__Information__
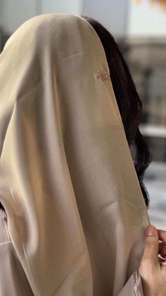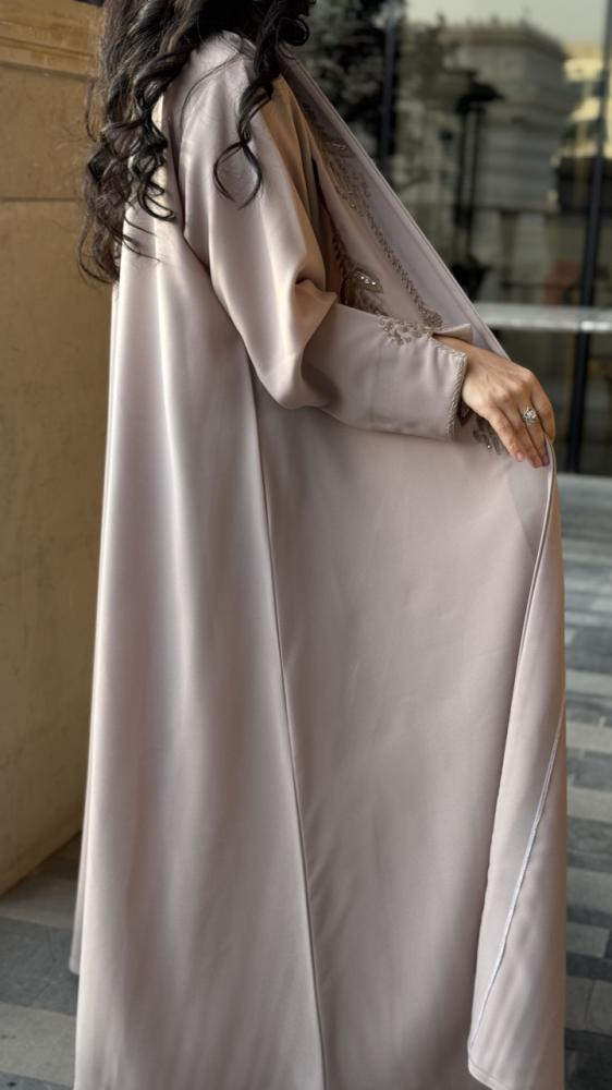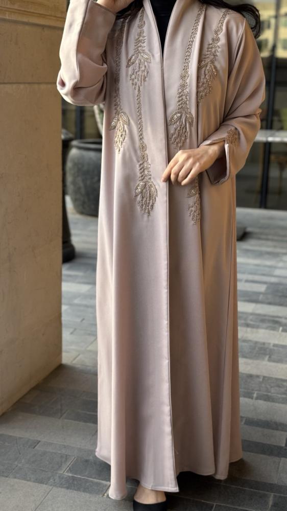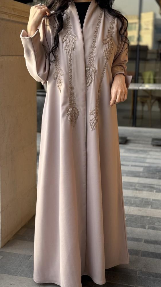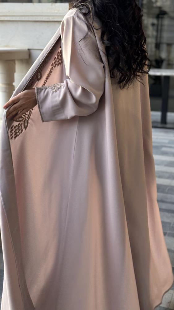 عباية مناسبات . القماش : باربي بيج . الوصف : عباية راقية نص كلوش مع تطريز فاخر من الامام واطراف الاكمام . مع طرحة اسود تطريز طرف .
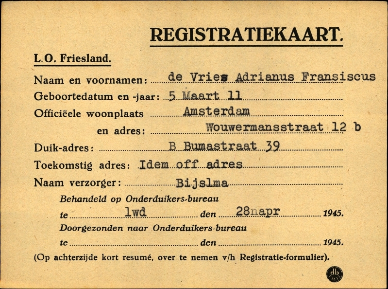 Onderduikinschrijving van Adrianus Fransiscus de Vries
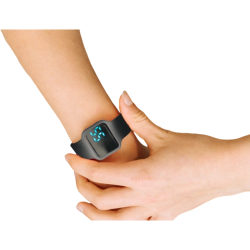 Het horloge is licht van gewicht en voorzien van een flexibel siliconen bandje dat comfortabel draagt. Het is geschikt voor polsomtrekken van circa 13 tot 17 cm en speciaal afgestemd op kinderpolsen. Dankzij een extra fixatiegaatje blijft het bandje netjes zitten en voorkomt het los bewegen. Losse bandjes zijn verkrijgbaar in 11 verschillende kleuren (zwart, wit, roze, roze camouflage, blauw, geel, groen, oranje, paars, blauw/groen, perzik/zalm), zodat eenvoudig kan worden afgewisseld.
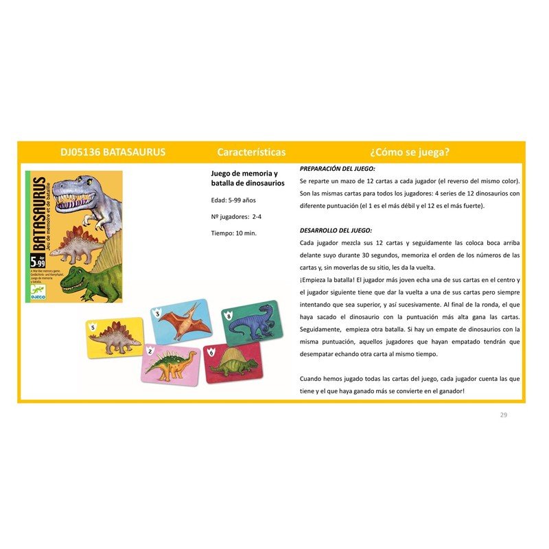 Cartas Batasaur 3070900051362 Cartas Batasaurus -Un juego de memoria en forma de batalla. En lugar de tener las cartas en la mano, las cartas se colocan boca abajo sobre la mesa. ¡Solo se tienen unos segundos para memorizar su lugar antes de que arranque el combate de dinosaurios! 1, 2 y 3: cada jugador le da la vuelta a una de sus cartas y la carta más alta gana la baza. iLos jugadores pueden elegir qué carta usar y ganar la baza, pero para ello deben recordar el lugar que ocupan sus dinosaurios! ¡El jugador que haya ganado más cartas gana la partida! -Hay 12 cartas de dinosaurios para memorizar, con fuerzas numeradas del 1 al 12. -Un juego de batalla inédito que requiere ejercitar la memoria. -llustraciones para descubrir diferentes especies de dinosaurios. -Una caja compacta, que se puede llevar a todas partes. -Cartas de calidad y resistentes.
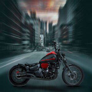 Esse projeto buscou um crossover entre a modernidade e o clássico na concepção de uma caferacer única, linhas e acessórios modernos seguindo a arquitetura mais fiel possível ao estilo. Renovando uma das estruturas mais usadas para customização do mercado a Suzuki Intruder 125cc.
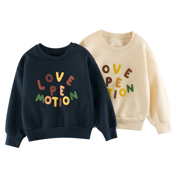 加絨棉混紡長袖大學T-LOVE PE MOTION-米杏
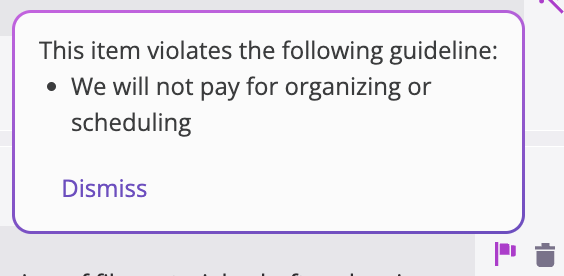 - A flag indicates a violation detected by our auditing system. Clicking the flag shows the predicted violation.
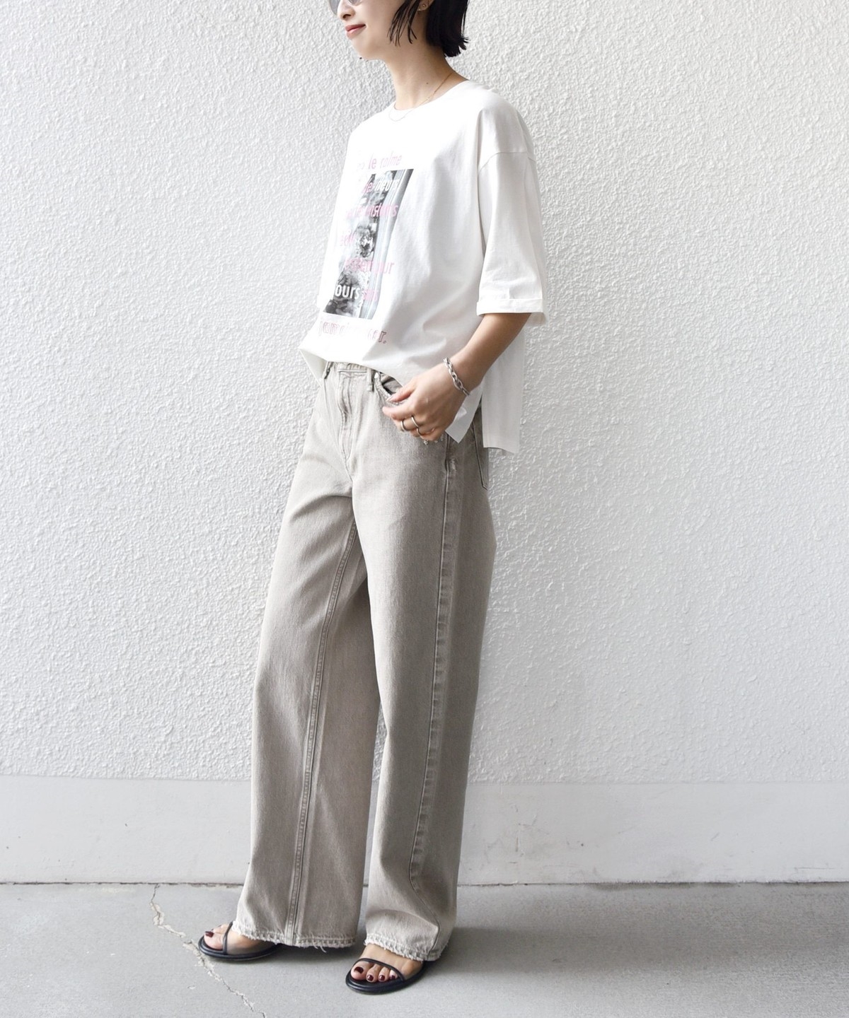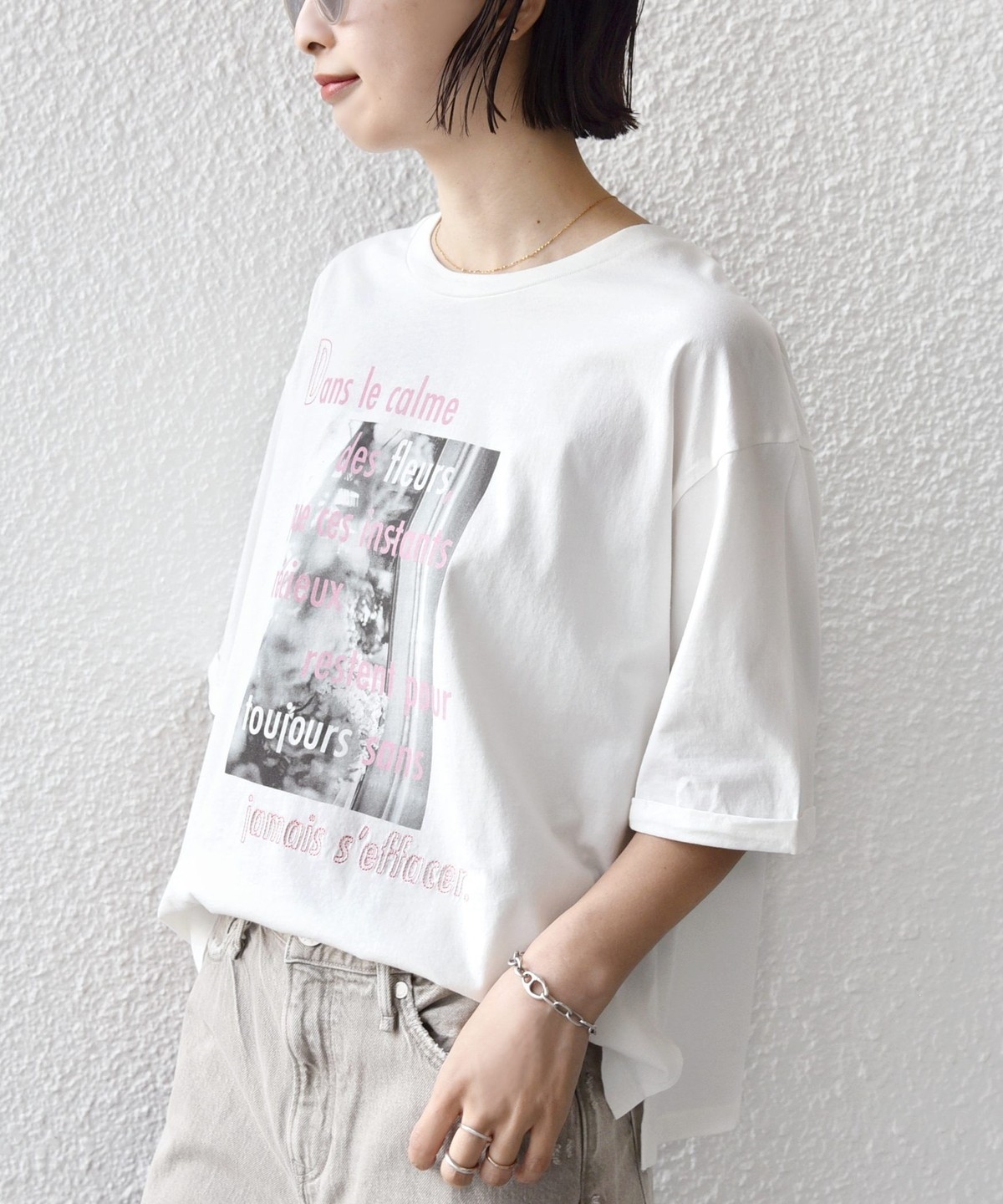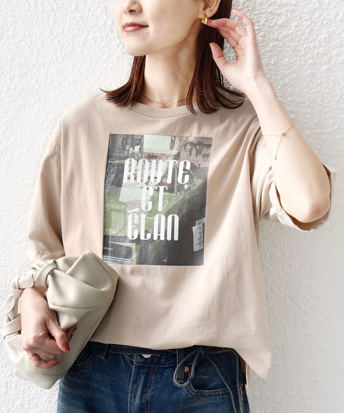 フォト×ロゴの存在感がスタイリングのポイントとなるこだわりTシャツ
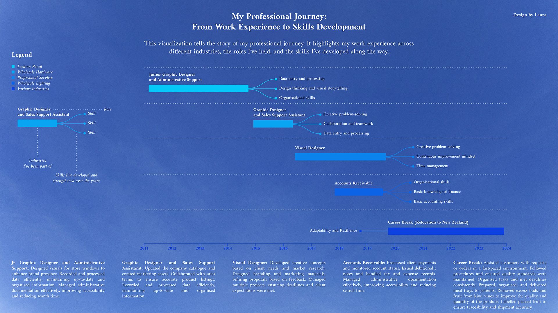 Como diseñadora gráfica en transición hacia el análisis de datos, este curso me dio la oportunidad de explorar cómo ambas disciplinas pueden complementarse. Para mi proyecto final, decidí crear una visualización que reflejara mi experiencia laboral y las habilidades que he desarrollado a lo largo de mi carrera. Es una forma rápida, creativa y efectiva de mostrar mi trayectoria y lo que puedo aportar a futuros equipos.
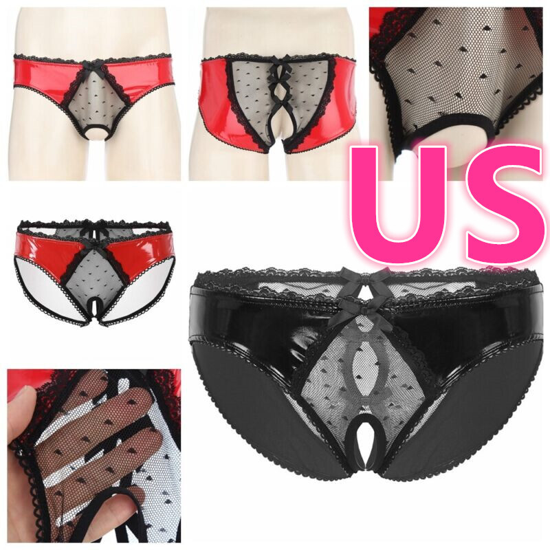 US Men's Satin Shorts Male Sleep Short Pants Loose Sissy Lingerie Bottoms Shorts
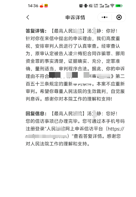 案件进展:申诉之路坎坷 司法公正引期待目前,凌六梅方已向相关法院提交申诉材料申请抗诉,尽管相关法院已接收材料并开展审查,于 2025 年针对申诉作出答复,认为原审裁判事实清楚、证据充分,定罪准确、量刑适当,审判程序合法,不符合重新审判条件。但凌六梅坚持认为,民事再审判决已明确推翻刑事裁判的核心事实依据,案件存在“刑民冲突”,刑事裁判认定的 “诈骗” 基础已不存在,应启动再审程序纠正错误。
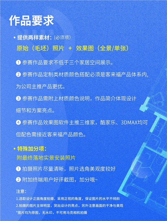 注:所有作品必須為本年度內(nèi)設(shè)計(jì)師獨(dú)立完成的方案,如有盜取、冒用他人作品的一經(jīng)查實(shí)取消參賽資格,并通知當(dāng)?shù)亟?jīng)銷商。
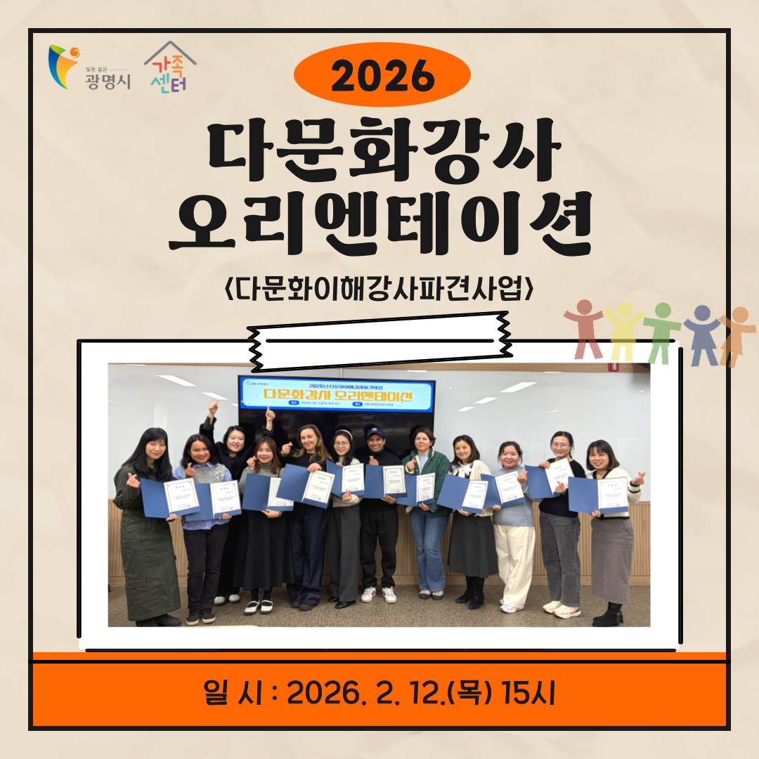 ±¤¸í½Ã°¡Á·¼¾ÅÍ´Â 2026³â ´Ù¹®ÈÀÌÇØ°»çÆÄ°ß»ç¾÷ÀÇ ¿øÈ°ÇÑ ¿î¿µÀ» À§ÇØ ´Ù¹®È°»ç ¿À¸®¿£Å×À̼ÇÀ» ÁøÇàÇß½À´Ï´Ù.À̹ø ¿À¸®¿£Å×À̼ǿ¡¼´Â »ç¾÷ÀÇ ¿î¿µ ¸ñÀû°ú ÃßÁø ¹æÇâÀ» °øÀ¯Çϰí, ±³À° ÁøÇà ¹æ¹ý ¹× °»ç Ȱµ¿ ..
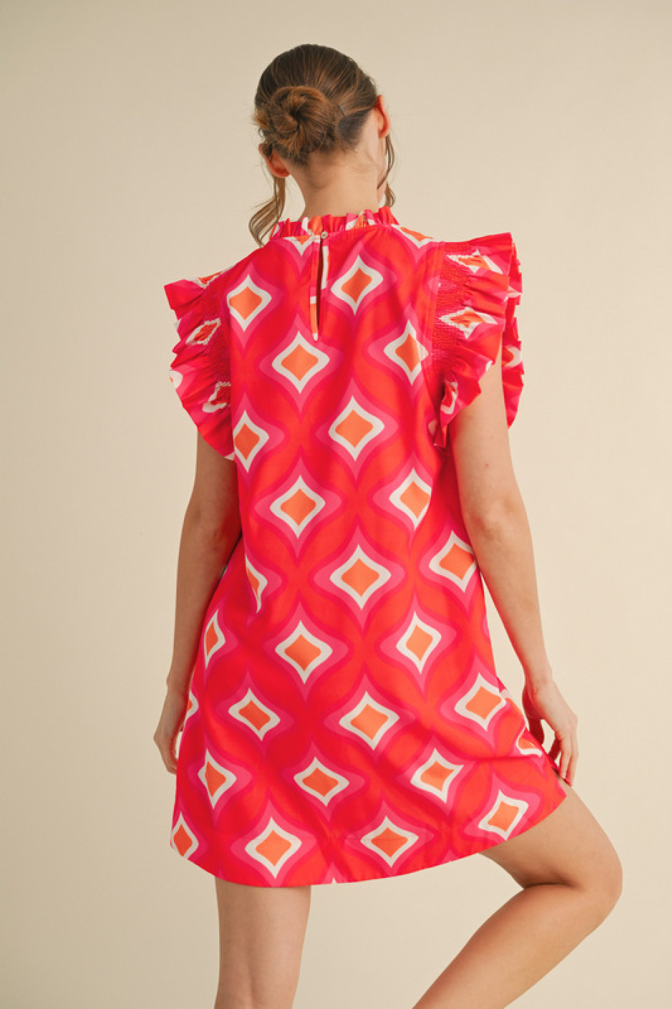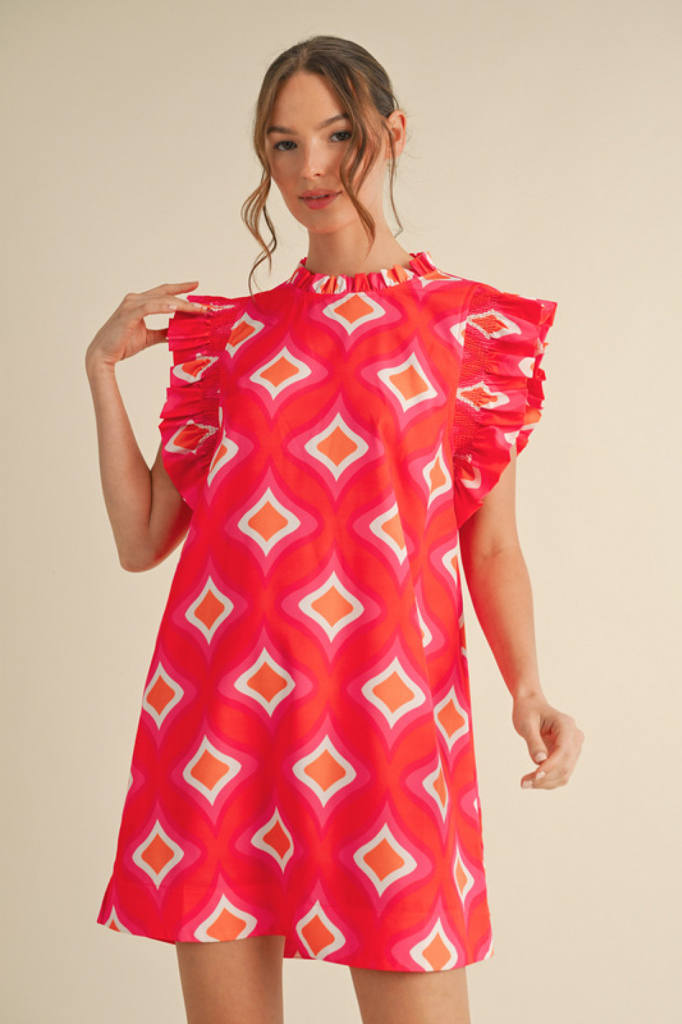 Sweet Pea Era Dress – Vintage-Inspired Printed Dress with Frill Neckline & Ruffle Sleeves Step into timeless charm with The Sweet Pea Era Dress, a vintage-inspired printed dress designed with delicate frill accents and romantic touches. Featuring a mock neckline with soft frill detailing and smocked ruffle cap sleeves, this dress blends nostalgic elegance with everyday ease. Crafted from lightweight, non-sheer woven fabric, it’s as breathable as it is beautiful—perfect for garden parties, picnics, or strolling through antique markets. The subtle print and soft silhouette make this piece a wardrobe favorite for lovers of classic femininity and vintage flair. Details: Vintage-inspired printed dress Frill mock neckline for romantic charm Smocked ruffle cap sleeves Lightweight, non-sheer woven fabric Easy, breathable fit for warm weather wear Perfect for: garden brunches, vintage-themed events, countryside getaways, and sweet summer days.
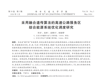 长安大学beat365在线唯一官网李杰副教授以第一作者身份在《西安交通大学学报》上发表了题为《采用融合遗传算法的高速公路服务区综合能源系统优化调度研究》的研究论文,被评为西安交通大学学报》2024年度优秀论文,论文第一署名单位为长安大学beat365在线唯一官网。

__What is needed__
Type the entries again verbatim. Drop the images.

__Answer to this task__
 عباية مناسبات . القماش : باربي بيج . الوصف : عباية راقية نص كلوش مع تطريز فاخر من الامام واطراف الاكمام . مع طرحة اسود تطريز طرف .
 Onderduikinschrijving van Adrianus Fransiscus de Vries
 Het horloge is licht van gewicht en voorzien van een flexibel siliconen bandje dat comfortabel draagt. Het is geschikt voor polsomtrekken van circa 13 tot 17 cm en speciaal afgestemd op kinderpolsen. Dankzij een extra fixatiegaatje blijft het bandje netjes zitten en voorkomt het los bewegen. Losse bandjes zijn verkrijgbaar in 11 verschillende kleuren (zwart, wit, roze, roze camouflage, blauw, geel, groen, oranje, paars, blauw/groen, perzik/zalm), zodat eenvoudig kan worden afgewisseld.
 Cartas Batasaur 3070900051362 Cartas Batasaurus -Un juego de memoria en forma de batalla. En lugar de tener las cartas en la mano, las cartas se colocan boca abajo sobre la mesa. ¡Solo se tienen unos segundos para memorizar su lugar antes de que arranque el combate de dinosaurios! 1, 2 y 3: cada jugador le da la vuelta a una de sus cartas y la carta más alta gana la baza. iLos jugadores pueden elegir qué carta usar y ganar la baza, pero para ello deben recordar el lugar que ocupan sus dinosaurios! ¡El jugador que haya ganado más cartas gana la partida! -Hay 12 cartas de dinosaurios para memorizar, con fuerzas numeradas del 1 al 12. -Un juego de batalla inédito que requiere ejercitar la memoria. -llustraciones para descubrir diferentes especies de dinosaurios. -Una caja compacta, que se puede llevar a todas partes. -Cartas de calidad y resistentes.
 Esse projeto buscou um crossover entre a modernidade e o clássico na concepção de uma caferacer única, linhas e acessórios modernos seguindo a arquitetura mais fiel possível ao estilo. Renovando uma das estruturas mais usadas para customização do mercado a Suzuki Intruder 125cc.
 加絨棉混紡長袖大學T-LOVE PE MOTION-米杏
 - A flag indicates a violation detected by our auditing system. Clicking the flag shows the predicted violation.
 フォト×ロゴの存在感がスタイリングのポイントとなるこだわりTシャツ
 Como diseñadora gráfica en transición hacia el análisis de datos, este curso me dio la oportunidad de explorar cómo ambas disciplinas pueden complementarse. Para mi proyecto final, decidí crear una visualización que reflejara mi experiencia laboral y las habilidades que he desarrollado a lo largo de mi carrera. Es una forma rápida, creativa y efectiva de mostrar mi trayectoria y lo que puedo aportar a futuros equipos.
 US Men's Satin Shorts Male Sleep Short Pants Loose Sissy Lingerie Bottoms Shorts
 案件进展:申诉之路坎坷 司法公正引期待目前,凌六梅方已向相关法院提交申诉材料申请抗诉,尽管相关法院已接收材料并开展审查,于 2025 年针对申诉作出答复,认为原审裁判事实清楚、证据充分,定罪准确、量刑适当,审判程序合法,不符合重新审判条件。但凌六梅坚持认为,民事再审判决已明确推翻刑事裁判的核心事实依据,案件存在“刑民冲突”,刑事裁判认定的 “诈骗” 基础已不存在,应启动再审程序纠正错误。
 注:所有作品必須為本年度內(nèi)設(shè)計(jì)師獨(dú)立完成的方案,如有盜取、冒用他人作品的一經(jīng)查實(shí)取消參賽資格,并通知當(dāng)?shù)亟?jīng)銷商。
 ±¤¸í½Ã°¡Á·¼¾ÅÍ´Â 2026³â ´Ù¹®ÈÀÌÇØ°»çÆÄ°ß»ç¾÷ÀÇ ¿øÈ°ÇÑ ¿î¿µÀ» À§ÇØ ´Ù¹®È°»ç ¿À¸®¿£Å×À̼ÇÀ» ÁøÇàÇß½À´Ï´Ù.À̹ø ¿À¸®¿£Å×À̼ǿ¡¼´Â »ç¾÷ÀÇ ¿î¿µ ¸ñÀû°ú ÃßÁø ¹æÇâÀ» °øÀ¯Çϰí, ±³À° ÁøÇà ¹æ¹ý ¹× °»ç Ȱµ¿ ..
 Sweet Pea Era Dress – Vintage-Inspired Printed Dress with Frill Neckline & Ruffle Sleeves Step into timeless charm with The Sweet Pea Era Dress, a vintage-inspired printed dress designed with delicate frill accents and romantic touches. Featuring a mock neckline with soft frill detailing and smocked ruffle cap sleeves, this dress blends nostalgic elegance with everyday ease. Crafted from lightweight, non-sheer woven fabric, it’s as breathable as it is beautiful—perfect for garden parties, picnics, or strolling through antique markets. The subtle print and soft silhouette make this piece a wardrobe favorite for lovers of classic femininity and vintage flair. Details: Vintage-inspired printed dress Frill mock neckline for romantic charm Smocked ruffle cap sleeves Lightweight, non-sheer woven fabric Easy, breathable fit for warm weather wear Perfect for: garden brunches, vintage-themed events, countryside getaways, and sweet summer days.
 长安大学beat365在线唯一官网李杰副教授以第一作者身份在《西安交通大学学报》上发表了题为《采用融合遗传算法的高速公路服务区综合能源系统优化调度研究》的研究论文,被评为西安交通大学学报》2024年度优秀论文,论文第一署名单位为长安大学beat365在线唯一官网。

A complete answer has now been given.